On 2020-01-11 23:20:56 -0500, Tom Lane wrote:
> Tomas Vondra <tomas.von...@2ndquadrant.com> writes:
> Nah, don't think I believe that: the test inserts a bunch of tuples,
> but they look like they will all be *exactly* the same size.
>
> CREATE TABLE decoding_test(x integer, y text);
> ...
>
>     FOR i IN 1..10 LOOP
>         BEGIN
>             INSERT INTO decoding_test(x) SELECT generate_series(1,5000);
>         EXCEPTION
>             when division_by_zero then perform 'dummy';
>         END;

I think the issue this triggers higher memory usage in in older versions
is that before

commit cec2edfa7859279f36d2374770ca920c59c73dd8
Author: Amit Kapila <akap...@postgresql.org>
Date:   2019-11-16 17:49:33 +0530

    Add logical_decoding_work_mem to limit ReorderBuffer memory usage.

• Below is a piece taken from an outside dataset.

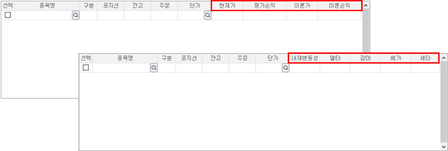 영역의 단가 칼럼의 값이 실시간으로 호가와 연동되어 반영됩니다.

we enforced how many changes to keep in memory (vs on disk)

/*
 * Maximum number of changes kept in memory, per transaction. After that,
 * changes are spooled to disk.
 *
 * The current value should be sufficient to decode the entire transaction
 * without hitting disk in OLTP workloads, while starting to spool to disk in
 * other workloads reasonably fast.
 *
 * At some point in the future it probably makes sense to have a more elaborate
 * resource management here, but it's not entirely clear what that would look
 * like.
 */
static const Size max_changes_in_memory = 4096;

on a per-transaction basis. And that subtransactions are *different*
transactions for that purpose (as they can be rolled back
separately). As the test generates loads of records for different
subtransactions, they each end up having quite a few changes (including
the tuples pointed to!) in memory at the same time.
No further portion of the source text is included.